### Information given
────────────────────
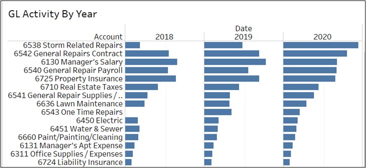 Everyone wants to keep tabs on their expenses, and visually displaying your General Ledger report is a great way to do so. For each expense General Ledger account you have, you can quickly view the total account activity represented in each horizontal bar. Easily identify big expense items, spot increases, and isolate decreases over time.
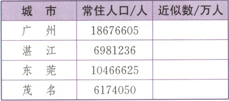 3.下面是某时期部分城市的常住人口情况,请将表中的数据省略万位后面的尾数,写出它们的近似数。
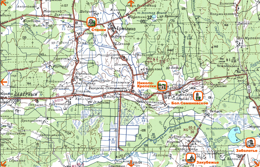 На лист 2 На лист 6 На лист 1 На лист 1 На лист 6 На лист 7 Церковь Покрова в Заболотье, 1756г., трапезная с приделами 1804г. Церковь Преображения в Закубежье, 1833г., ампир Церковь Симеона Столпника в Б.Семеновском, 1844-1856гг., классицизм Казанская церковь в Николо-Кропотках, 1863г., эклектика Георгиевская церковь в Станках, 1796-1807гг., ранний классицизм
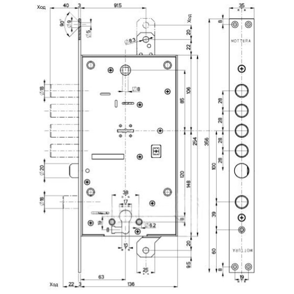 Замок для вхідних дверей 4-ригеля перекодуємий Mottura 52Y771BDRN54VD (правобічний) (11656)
────────────────────
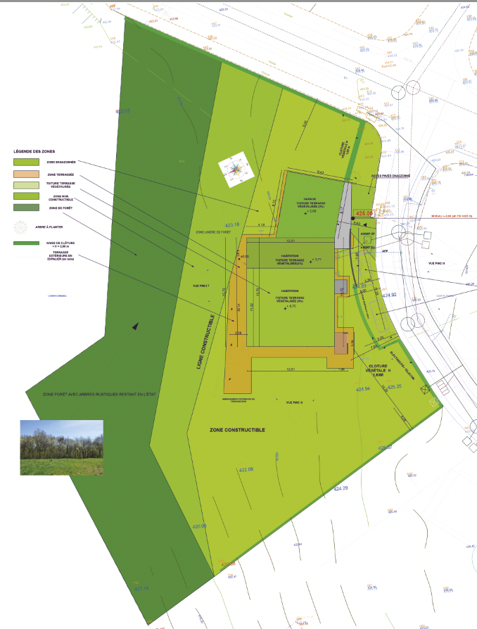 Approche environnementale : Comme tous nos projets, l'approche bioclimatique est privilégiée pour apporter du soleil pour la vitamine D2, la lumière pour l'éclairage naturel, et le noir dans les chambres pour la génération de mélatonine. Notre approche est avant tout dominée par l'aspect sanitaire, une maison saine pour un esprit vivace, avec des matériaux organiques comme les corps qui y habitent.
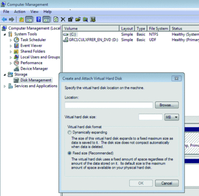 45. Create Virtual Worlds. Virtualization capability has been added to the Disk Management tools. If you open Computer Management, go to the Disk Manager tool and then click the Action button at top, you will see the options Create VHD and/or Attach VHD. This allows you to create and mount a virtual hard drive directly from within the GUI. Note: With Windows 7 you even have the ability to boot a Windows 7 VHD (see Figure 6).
────────────────────
### What you will do
Beginning with the line that contains "Approche environnementale : Comme", write out the lines of the material above exactly, and end with the line that contains "45. Create Virtual". Omit the pictures.

### Reply to the exercise
 Approche environnementale : Comme tous nos projets, l'approche bioclimatique est privilégiée pour apporter du soleil pour la vitamine D2, la lumière pour l'éclairage naturel, et le noir dans les chambres pour la génération de mélatonine. Notre approche est avant tout dominée par l'aspect sanitaire, une maison saine pour un esprit vivace, avec des matériaux organiques comme les corps qui y habitent.
 45. Create Virtual Worlds. Virtualization capability has been added to the Disk Management tools. If you open Computer Management, go to the Disk Manager tool and then click the Action button at top, you will see the options Create VHD and/or Attach VHD. This allows you to create and mount a virtual hard drive directly from within the GUI. Note: With Windows 7 you even have the ability to boot a Windows 7 VHD (see Figure 6).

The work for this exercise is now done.